Thanks to new drilling technology, U.S. workers have unlocked vast reserves of American crude oil and created a glut that is driving down prices. Horizontal drilling and hydraulic “fracking” techniques contributed $284 billion to the economy in 2012 and are being used in shale plays in Texas and North Dakota. Those two states are now the top producers in the nation, together pumping close to 4 million barrels a day.
The rejuvenated domestic production has pushed the United States to the verge of what some experts are calling a significant “domestic oversupply” of crude oil. On Wednesday The Wall Street Journal reported that an abundant supply of oil at Gulf refineries appears responsible for pushing the price of one American blend of crude about $10 a barrel beneath global oil prices.
Although it’s unbeneficial to producers, a drop in oil prices provides a boost to the overall economy, especially in the transportation sector.
“There’s going to be some effect on product prices, gasoline,” Benjamin Zycher, an economist and visiting scholar at the American Enterprise Institute, told me, adding that oil won’t stay cheap because the market, over time, will adjust to laws of supply and demand and the current low prices will rise.
The oil fracking revolution has been a boon for energy companies and for communities close to the drilling. In North Dakota, median household income has increased 10 percent since 2008, and last year the number of taxpayers in the state who listed more than $1 million of income on their tax returns nearly doubled. In addition, North Dakota’s unemployment rate is the lowest in the nation.
Pumping has boosted oil production in North Dakota sevenfold since 2008. This month, production from the state’s Bakken oil field is expected to reach 1 million barrels a day.
Much crude from U.S. oilfields is shipped to Gulf Coast refineries by train or pipeline. Figuratively speaking, this oil is piling up—it must be refined before it can be used domestically or exported. Because a 1970s-era ban on crude oil exports still exists in the United States, energy companies are unable to sell excess amounts outside the country.
“The glut is really the result of the proscription on exports,” said Zycher, who calls the continued ban “silly” and favors abolishing it.
Meanwhile, the Journal noted that the flow of oil to the Gulf is about to increase: In January TransCanada Corp. will begin pumping 700,000 barrels of crude a day through its new, $2.3 billion southern extension of the Keystone pipeline that runs from Oklahoma to Texas.
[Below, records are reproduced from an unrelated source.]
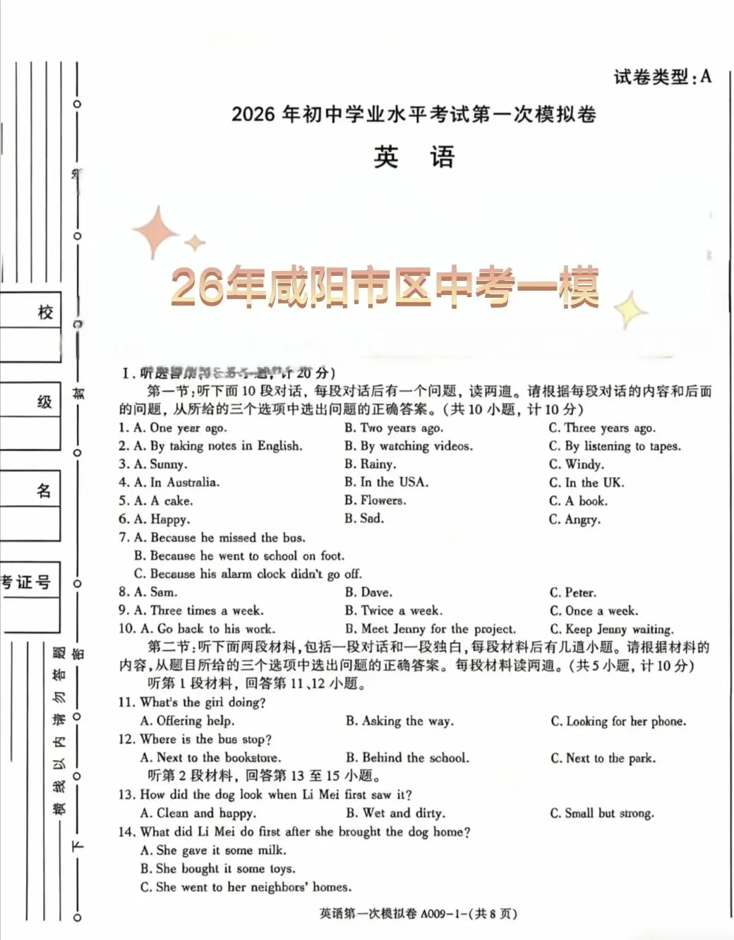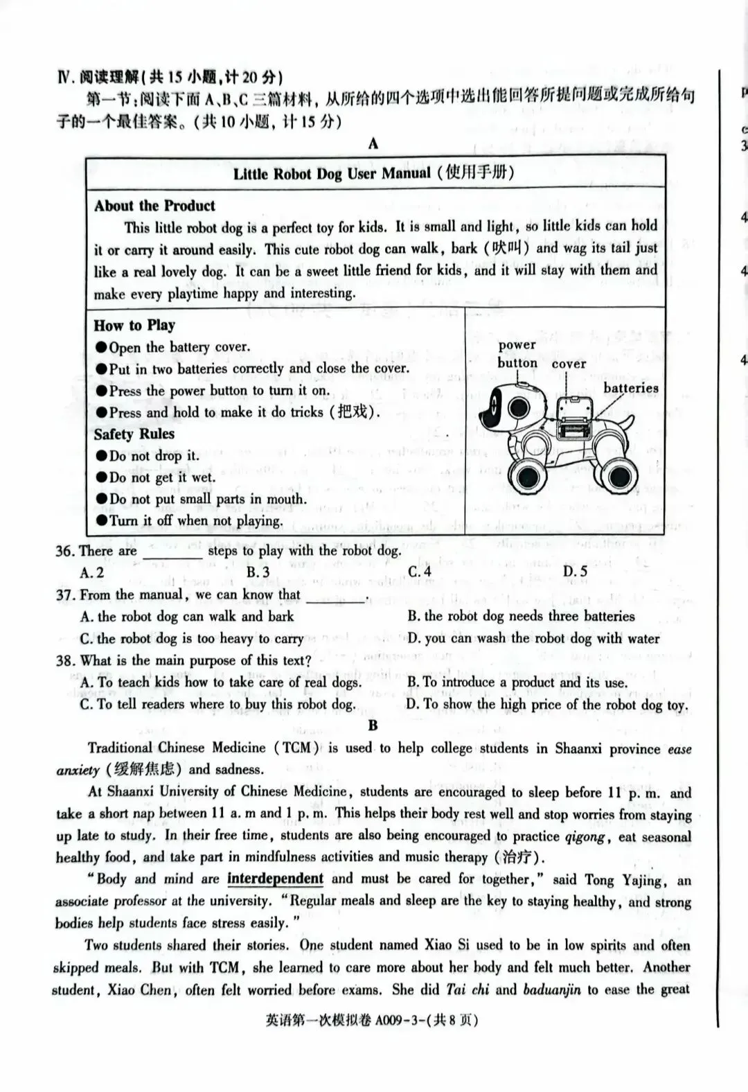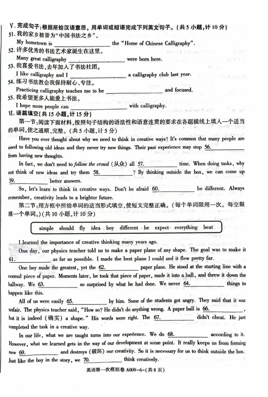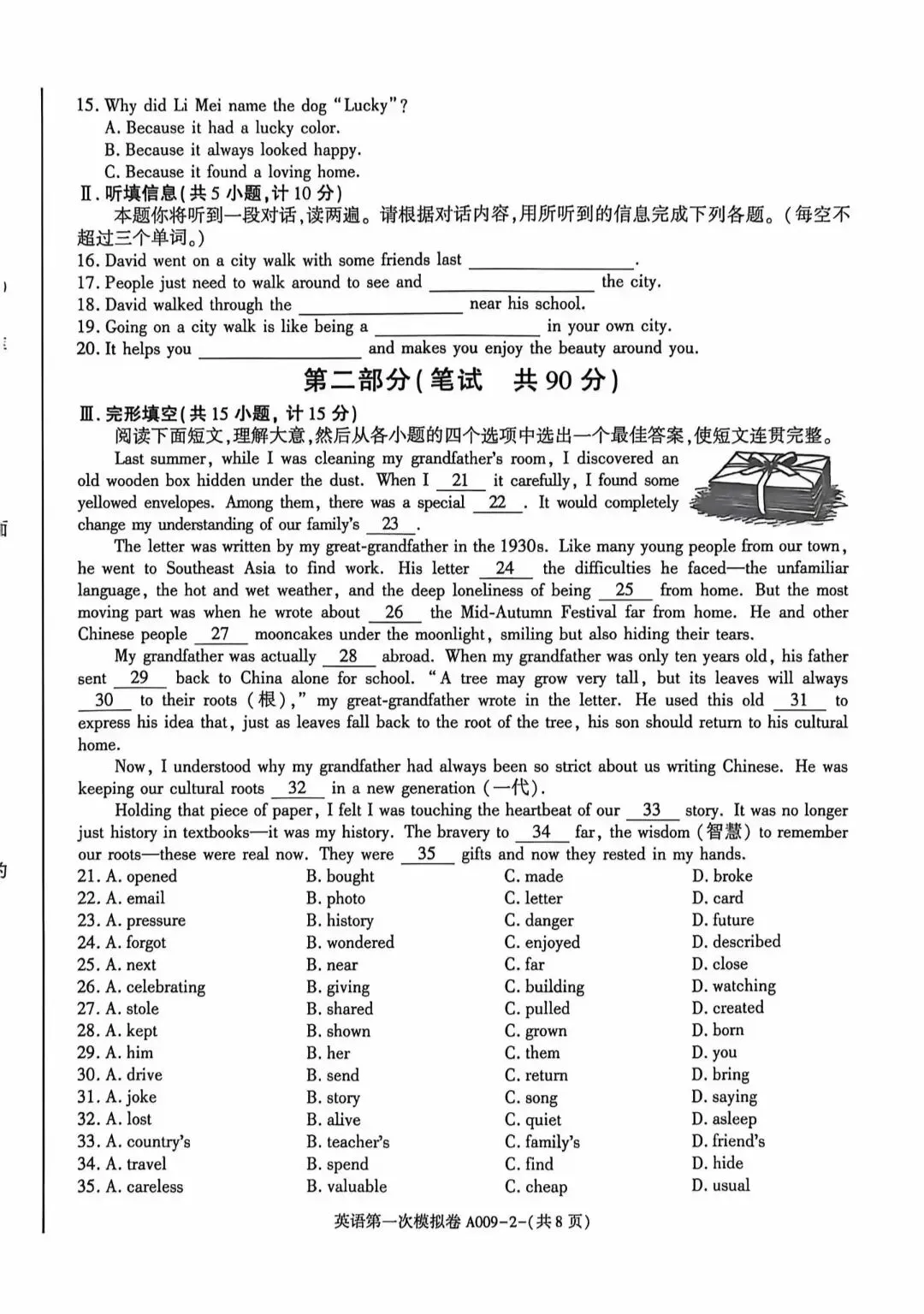 总体评价:该试卷作为中考一模,难度控制合理,兼顾基础与能力,区分度较好。完形填空和语篇填空的第二节稍有挑战,阅读理解整体友好,适合检测学生阶段性复习效果。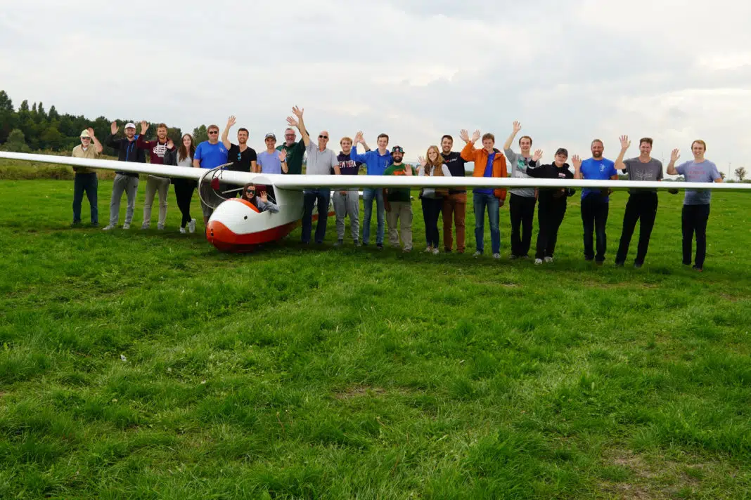 Cheffluglehrer und Geschäftsführer des Vereins, Herbert Wersching, landete mit 5,25 Metern auf Platz 1. Dichtgefolgt von Christoph Tecklenburg auf Platz 2, der nur 25 Zentimeter weiter rutschte. Und Julian Jung auf Rang 3.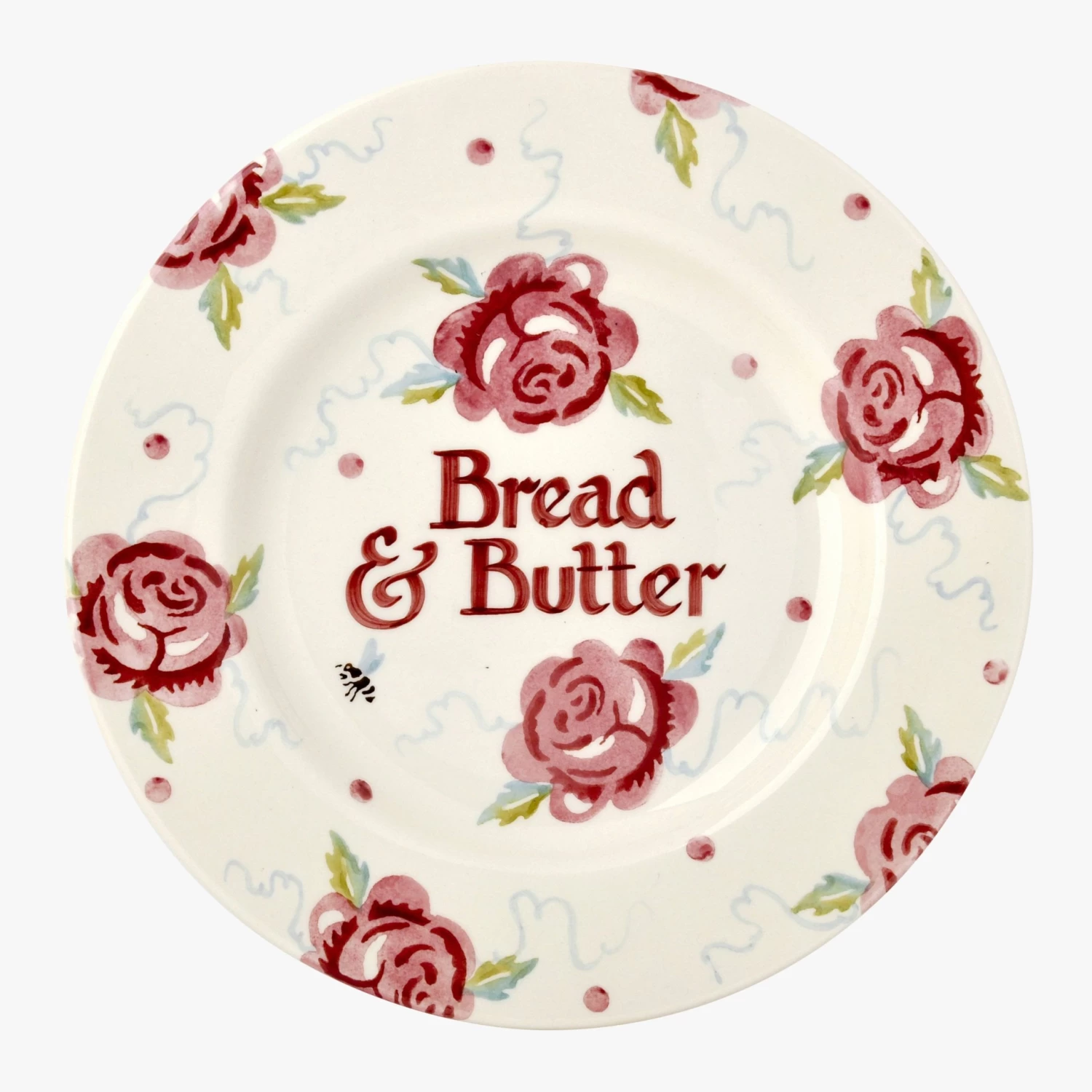 SKU: ZW1TY 37951248794089548047 Categories: Plates, Tableware Tags: COLLECT: Kitchen, COLOUR_PRIMARY: Pink, Discontinued, DRESSER: Classics, FULL_PRICE: true, LITHO/SPONGE: Sponge, MARK_IF_PERSONALISED: Yes, MATERIAL: Personalised Pottery, NATURE: Personalised Pottery, NEW_ICON: true, PATTERN: Rose & Bee, PERSONALISATION_GUIDE: Plate, PERSONALISATION: Base, PERSONALISATION: Bottom edge, PERSONALISATION: Centre, PERSONALISATION: Top edge, PRODUCT_SHAPE_CODE: 63, PRODUCT_TYPE: Plates, RANGE: Roses, SHAPE_DESCRIPTION: Eight and a Half Inch Plate, SHAPE_GROUP: Plates & Platters, SS Carryover Flow, STAFF_DISCOUNT: true, TYPE: First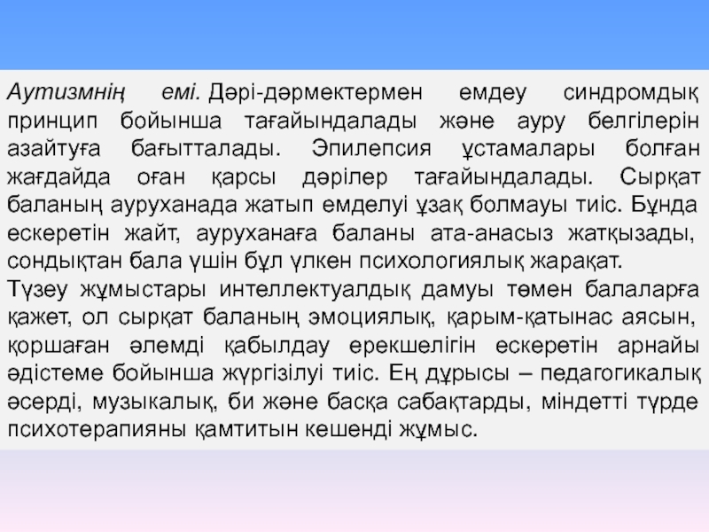 Слайд 9Аутизмнің емі. Дәрі-дәрмектермен емдеу синдромдық принцип бойынша тағайындалады және ауру белгілерін азайтуға

Construction of a proposed stretch of pipeline that would cut from Alberta to Nebraska, the Keystone XL, is still being held up by the Obama administration, ostensibly out of environmental concerns.
But Kenneth P. Green, an environmental expert at the Fraser Institute, wrote on Thursday how a new study suggests building the pipeline would benefit the environment by reducing the oil shipped in trucks. Although pipelines transported the vast majority of hazardous liquids (including petroleum products) between 2005 and 2009, they leaked less liquid into the environment than did trucks on the highway—11,000 gallons versus 14,000 gallons.